EXERCISE OBJECTIVE: Among the entries below, extract exactly the lines that run from the one with "蒋劲夫属于团队不给力,自己也" through the one with "有關《圓山附近》的取景地點,學界眾說紛紜", both ends included.

RECORDS FOR THE EXERCISE:

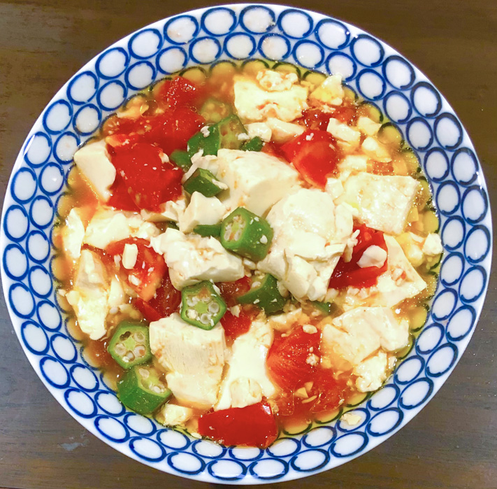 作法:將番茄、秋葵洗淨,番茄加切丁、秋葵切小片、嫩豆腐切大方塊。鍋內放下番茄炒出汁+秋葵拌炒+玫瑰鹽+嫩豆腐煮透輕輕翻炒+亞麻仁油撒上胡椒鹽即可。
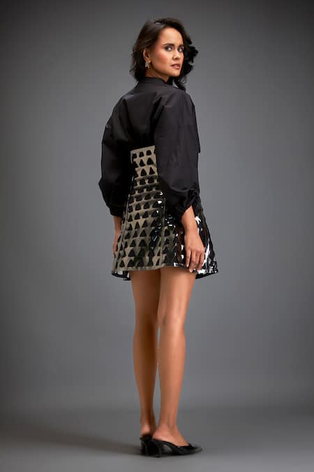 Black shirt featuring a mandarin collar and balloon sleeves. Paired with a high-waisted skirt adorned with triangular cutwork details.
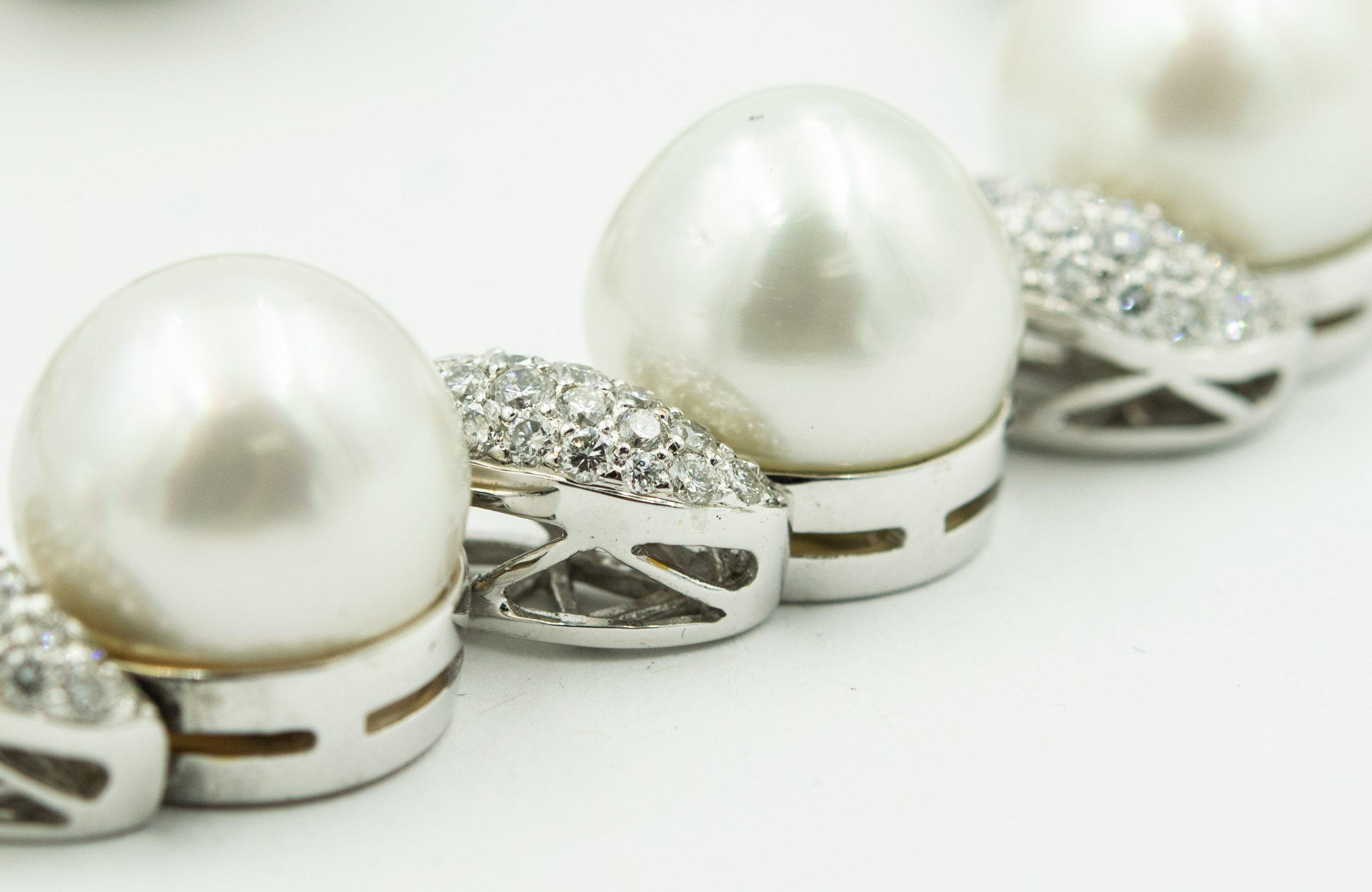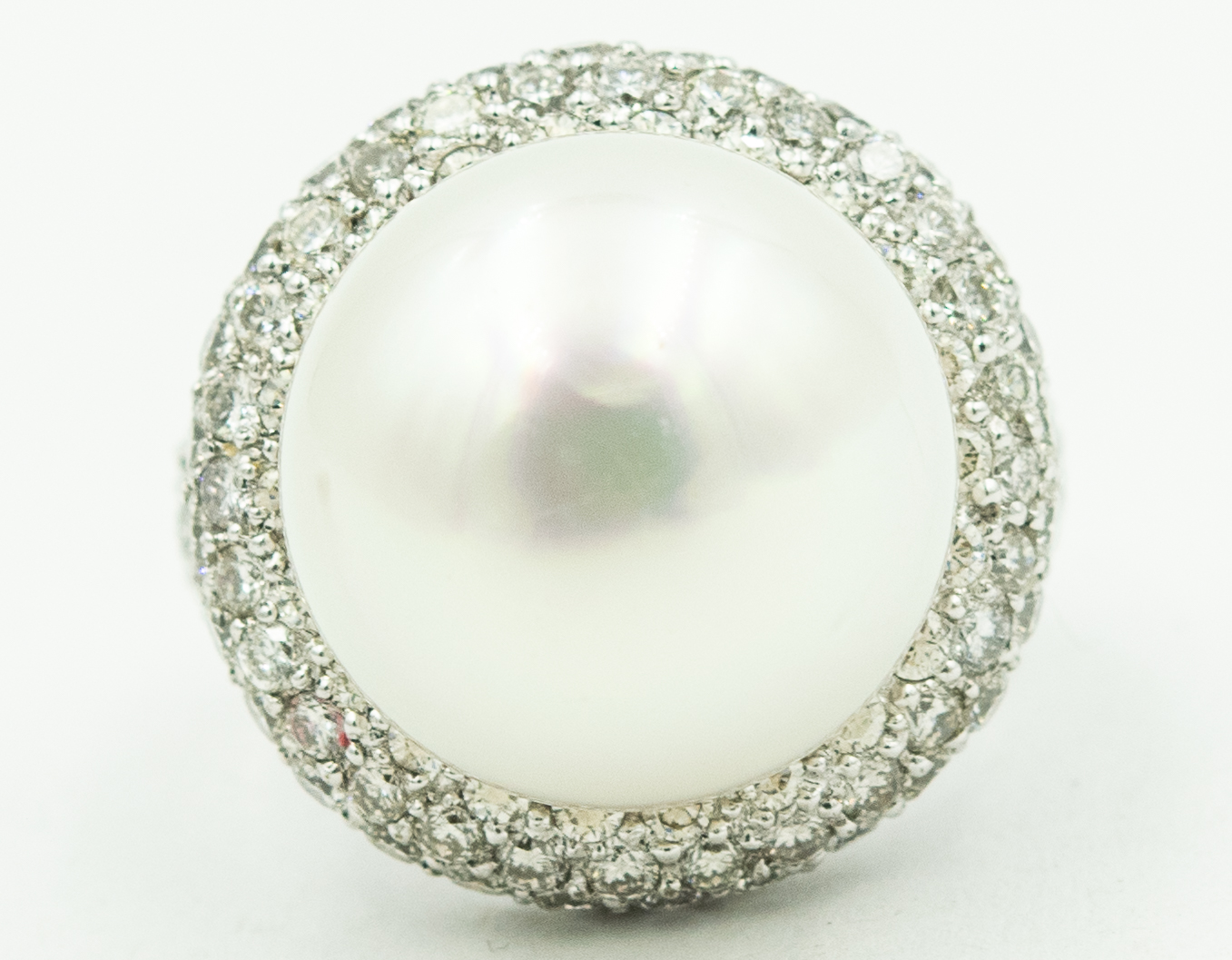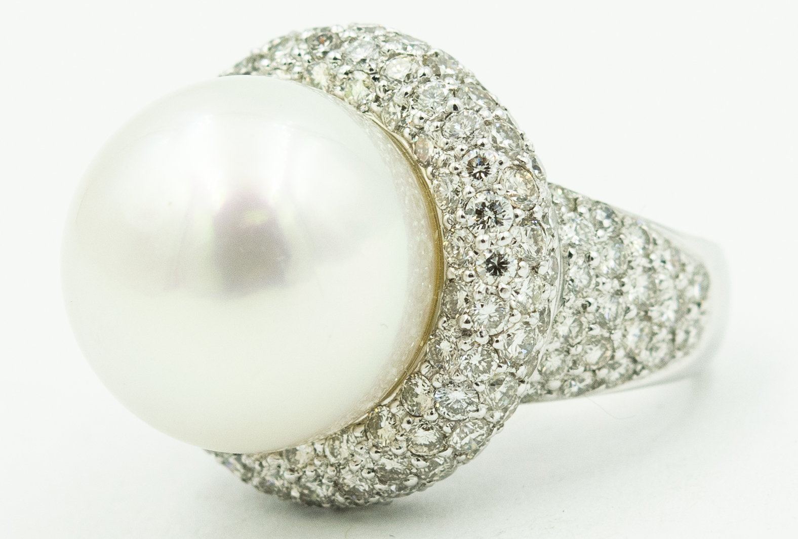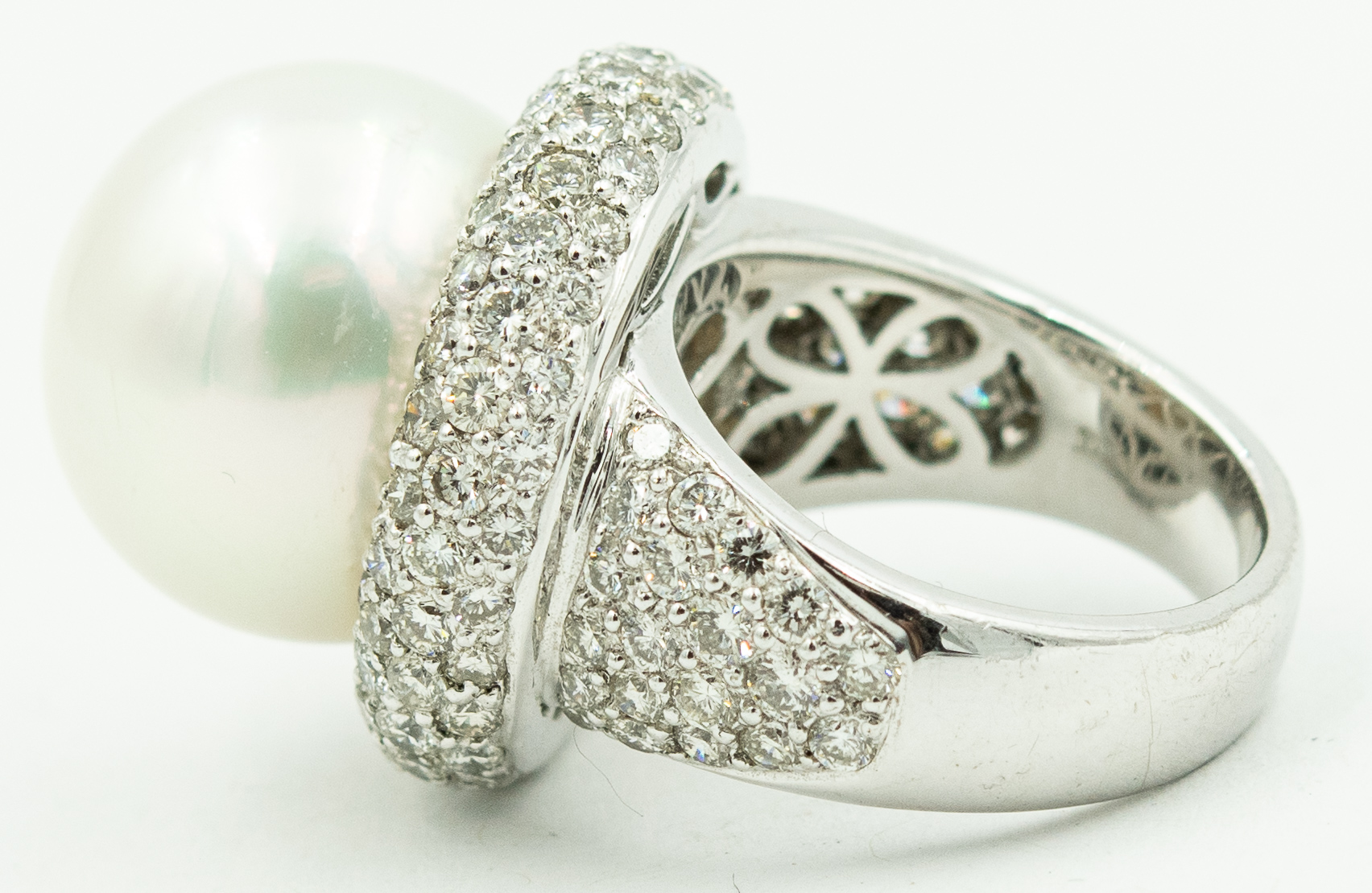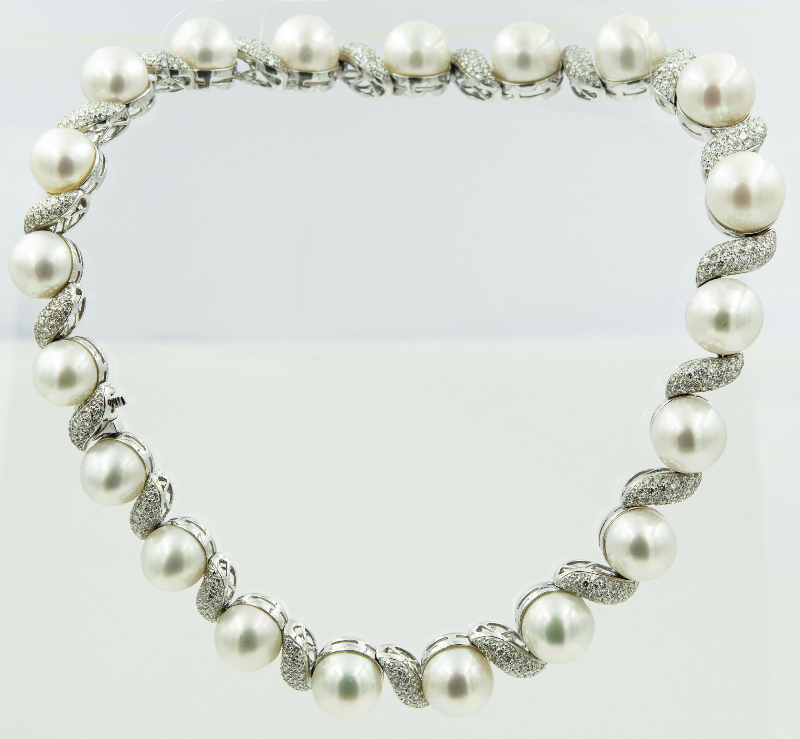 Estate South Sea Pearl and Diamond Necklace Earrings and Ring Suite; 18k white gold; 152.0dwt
==
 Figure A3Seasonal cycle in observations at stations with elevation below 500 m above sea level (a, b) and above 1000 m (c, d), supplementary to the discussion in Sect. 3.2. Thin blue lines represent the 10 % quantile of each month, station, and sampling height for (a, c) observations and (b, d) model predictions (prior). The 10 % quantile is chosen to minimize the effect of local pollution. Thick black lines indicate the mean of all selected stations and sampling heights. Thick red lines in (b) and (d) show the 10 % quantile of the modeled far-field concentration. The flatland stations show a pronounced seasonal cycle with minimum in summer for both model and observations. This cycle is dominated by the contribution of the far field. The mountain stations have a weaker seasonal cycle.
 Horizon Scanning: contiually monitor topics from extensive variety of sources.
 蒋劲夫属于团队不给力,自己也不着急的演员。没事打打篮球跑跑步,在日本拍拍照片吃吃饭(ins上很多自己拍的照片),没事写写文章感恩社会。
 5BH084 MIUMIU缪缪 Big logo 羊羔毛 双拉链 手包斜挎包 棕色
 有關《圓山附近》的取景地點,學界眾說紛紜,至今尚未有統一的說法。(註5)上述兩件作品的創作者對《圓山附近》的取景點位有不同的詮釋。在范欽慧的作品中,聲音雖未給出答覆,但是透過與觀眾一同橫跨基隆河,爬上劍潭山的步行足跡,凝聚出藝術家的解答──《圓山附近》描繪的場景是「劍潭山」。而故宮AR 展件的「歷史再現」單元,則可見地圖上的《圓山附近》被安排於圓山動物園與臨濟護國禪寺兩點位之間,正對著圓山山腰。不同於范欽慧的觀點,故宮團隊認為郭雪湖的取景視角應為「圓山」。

OUTPUT FOR THIS EXERCISE:
 蒋劲夫属于团队不给力,自己也不着急的演员。没事打打篮球跑跑步,在日本拍拍照片吃吃饭(ins上很多自己拍的照片),没事写写文章感恩社会。
 5BH084 MIUMIU缪缪 Big logo 羊羔毛 双拉链 手包斜挎包 棕色
 有關《圓山附近》的取景地點,學界眾說紛紜,至今尚未有統一的說法。(註5)上述兩件作品的創作者對《圓山附近》的取景點位有不同的詮釋。在范欽慧的作品中,聲音雖未給出答覆,但是透過與觀眾一同橫跨基隆河,爬上劍潭山的步行足跡,凝聚出藝術家的解答──《圓山附近》描繪的場景是「劍潭山」。而故宮AR 展件的「歷史再現」單元,則可見地圖上的《圓山附近》被安排於圓山動物園與臨濟護國禪寺兩點位之間,正對著圓山山腰。不同於范欽慧的觀點,故宮團隊認為郭雪湖的取景視角應為「圓山」。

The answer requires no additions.